A structural difference may emerge. Specifically, whilst the UK consultation signals a desire to consolidate sector-specific regulations into the general framework, the GPSR operates as a “safety net” beneath existing harmonised product legislation.
The UK consultation also proposes updated definitions of supply chain actors. The “producer” category will follow the precedent of the existing General Product Safety Regulations 2005, but the consultation proposes a broader “onward supplier” concept, alongside a distinct “online marketplace” category. The GPSR, on the other hand, groups manufacturers, authorised representatives, importers, distributors, and fulfilment service providers under the umbrella of “economic operators”.
Online Marketplaces
The GPSR imposes obligations on online marketplaces under Article 22, including a requirement to designate a single point of contact for communication with domestic regulators, and to register with the Safety Gate Portal and comply with take-down orders. However, it also expressly provides that these obligations should not amount to a general obligation to monitor information which online marketplaces transmit or store.

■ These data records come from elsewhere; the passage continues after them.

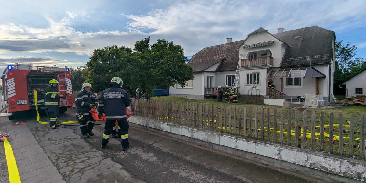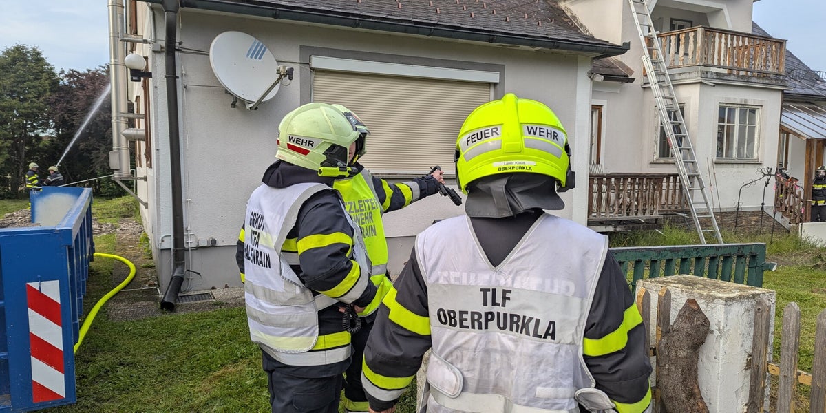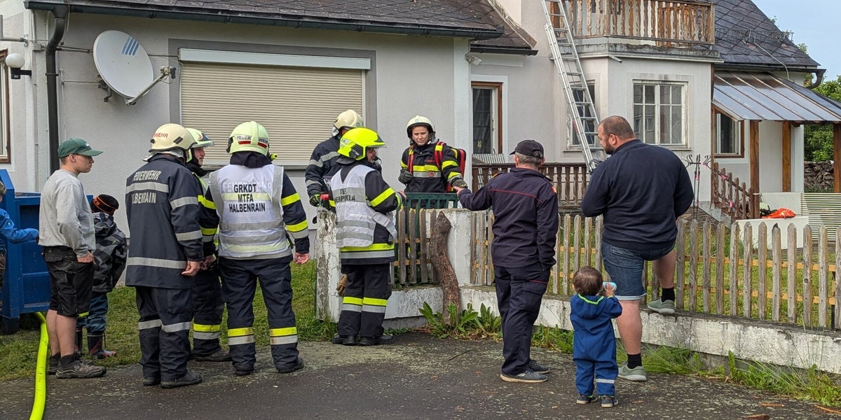 Bei der Erkundung der Lage stellte Einsatzleiter LM Alexander Platzer fest, dass zwei Personen im Obergeschoß am Balkon bzw. beim Fenster auf ihre Rettung warteten und die weiteren 4 Personen im Gebäude vermisst wurden. Sofort wurde eine Leiterrettung vorbereitet, und kurz darauf rückte der Atemschutztrupp der FF Oberpurkla ins Gebäude ab. Die FF Dietzen baute eine Zubringleitung von einem Löschwasserbehälter auf. Nachdem die ersten Personen ins Freie gebracht waren, rückte der Atemschutztrupp der FF Halbenrain in das Brandobjekt ab und führte zwei weitere Menschenrettungen durch. Nach dem "Brand aus" wurde das Objekt mit dem Druckbelüfter rauchfrei gemacht.
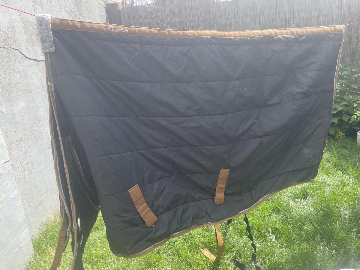 Deux sangle à l’avant, deux en dessous du ventre et deux sous les cuisses
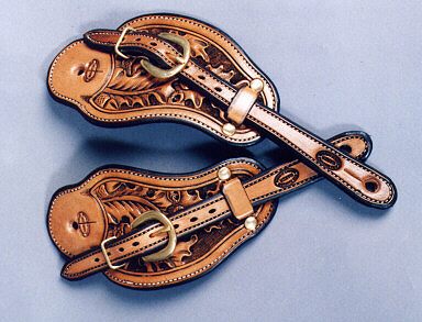 Spur Straps Oakleaf Carved Buckaroo Style Lined and Stitched
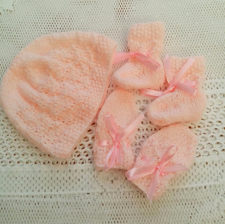Very attractive 4 piece cardigan set comprising cardigan, hat, mittens and bootees. The set is knitted in 4 ply weight yarn and can be made for sizes from premature to 1 year. It is not currently in stock but it can be made for you in any of the sizes shown below and a colour of your choice. Please state the colour required when you order. The processing time to make a this set for you will be 1 - 2 weeks to produce and post out to you.

The UK consultation goes further, proposing a duty on marketplaces to “practice due diligence to identify and take action against ‘bad actors’”. It contemplates requiring test purchasing, compliance documentation reviews, and (in the case of high-risk products) suspending listings until safety assurance is obtained. This is much more interventionist than the EU regime.

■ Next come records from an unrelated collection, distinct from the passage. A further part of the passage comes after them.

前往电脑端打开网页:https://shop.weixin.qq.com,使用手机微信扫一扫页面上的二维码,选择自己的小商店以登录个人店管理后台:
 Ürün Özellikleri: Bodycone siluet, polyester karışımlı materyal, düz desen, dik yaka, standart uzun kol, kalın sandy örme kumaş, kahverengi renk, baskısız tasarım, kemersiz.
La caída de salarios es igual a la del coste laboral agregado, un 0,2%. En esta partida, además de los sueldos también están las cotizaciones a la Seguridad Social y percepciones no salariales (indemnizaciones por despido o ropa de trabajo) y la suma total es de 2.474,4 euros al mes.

Supply Chain Obligations and Enforcement
Both regimes require producers to place only safe products on the market and to cooperate with enforcement authorities. One notable gap is that the GPSR requires a “responsible person” (an economic operator established in the EU) for every product on the market, whereas the UK consultation does not appear to propose an equivalent requirement.

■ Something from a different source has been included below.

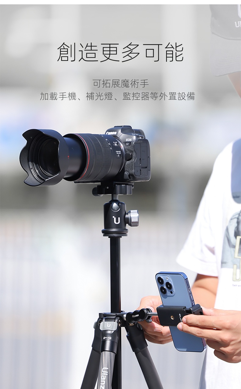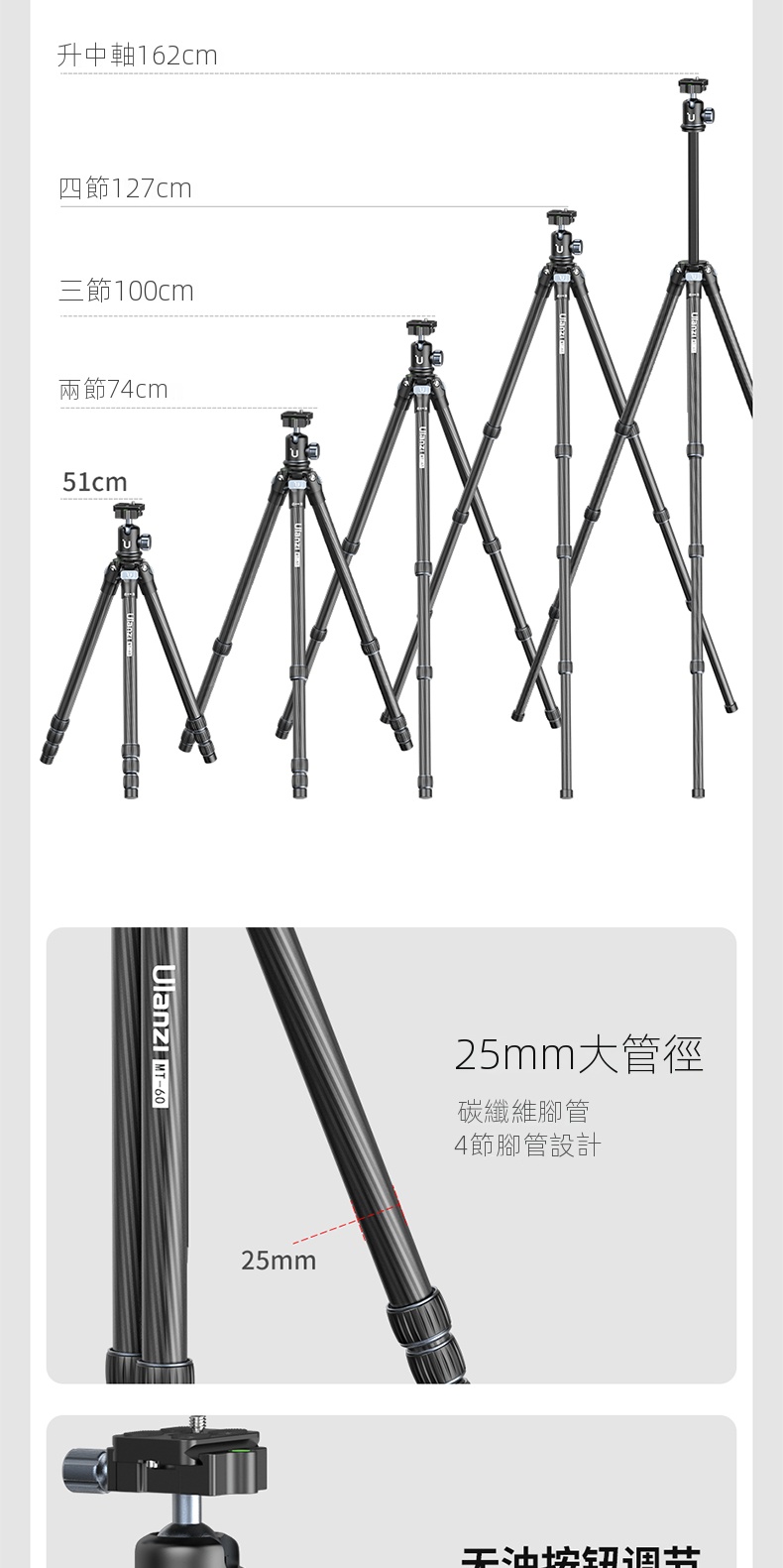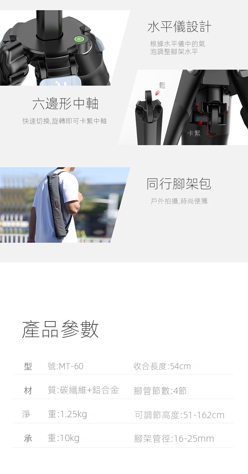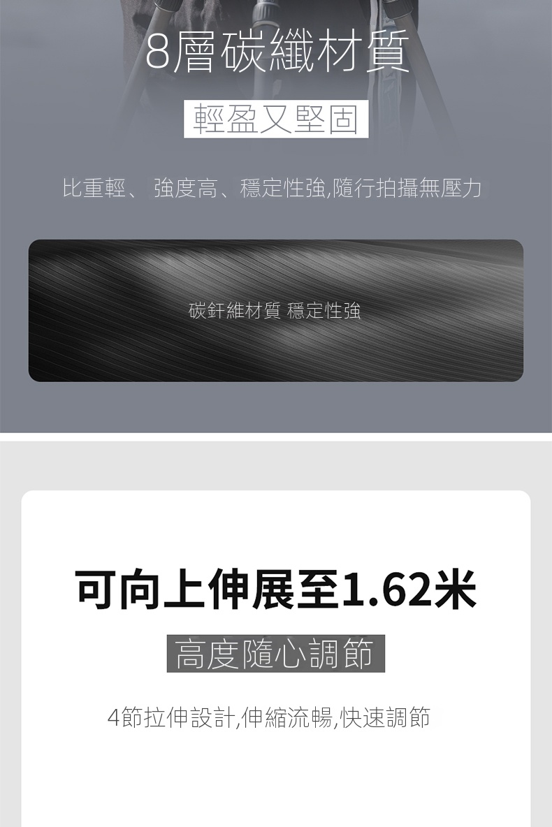 這款便攜式三腳架專為旅行設計,輕巧易攜帶,適合各種戶外攝影需求。採用8層碳纖維材質,兼具輕盈與堅固,最高可伸展至1.62米,高度隨心調節,滿足不同拍攝角度的需求。中軸倒置設計,無需工具即可實現低角度拍攝,靈活多變。 三腳架擁有獨腳架模式,方便登山出行時使用,快速拆卸和組裝讓轉換更便捷。360°全景刻度設計,搭配獨立鎖緊旋鈕,確保全景拍攝的精準性。全金屬三叉結構,穩定性極佳,承重達10kg,耐用可靠。 此外,產品配備拓展螺口,可連接手機、補光燈等外設,擴展更多應用可能。六邊形中軸設計,調整快速且牢固。附贈同行腳架包,方便攜帶,整體重量僅1.25kg,收合後長度僅54cm,極具便攜性。无论是專業攝影師還是愛好者,這款三腳架都是理想的選擇。

In terms of enforcement, the UK consultation proposes civil monetary penalties and consolidated enforcement powers, potentially creating a more uniform (albeit stricter) penalty regime than the EU, where sanctions can vary across Member States.
Areas of Potential Alignment
Businesses should be reassured that there appears to be alignment in several areas.
Both regimes share the concept of the general safety requirement, namely that only safe products may be placed on the market. Further, the UK consultation expressly proposes to “broadly mirror” the considerations for assessing safety contained in the GPSR. Both regimes also apply to products sold online and offline, and both regimes seek to address the challenges of overseas sellers and cross-border e-commerce. Finally, the UK’s approach to the Windsor Framework means that Northern Ireland will continue to operate under both regimes simultaneously, thereby preserving dual market access.
What Businesses Should Do Now
Businesses operating in both markets should consider:
- Mapping compliance architecture against both the GPSR and the emerging UK framework, identifying products and channels where divergence may create gaps;
- Engaging with the UK consultation (responses due by midnight on 23 June 2026) to help shape the final legislation and flag areas where alignment would reduce business compliance burdens;
- Reviewing online marketplace arrangements, given the divergent allocation of responsibility between sellers and platforms across the two regimes; and
- Building adaptable compliance systems where product information, labelling, traceability, and risk assessment processes can be configured for both markets, rather than maintaining separate UK and EU compliance programmes.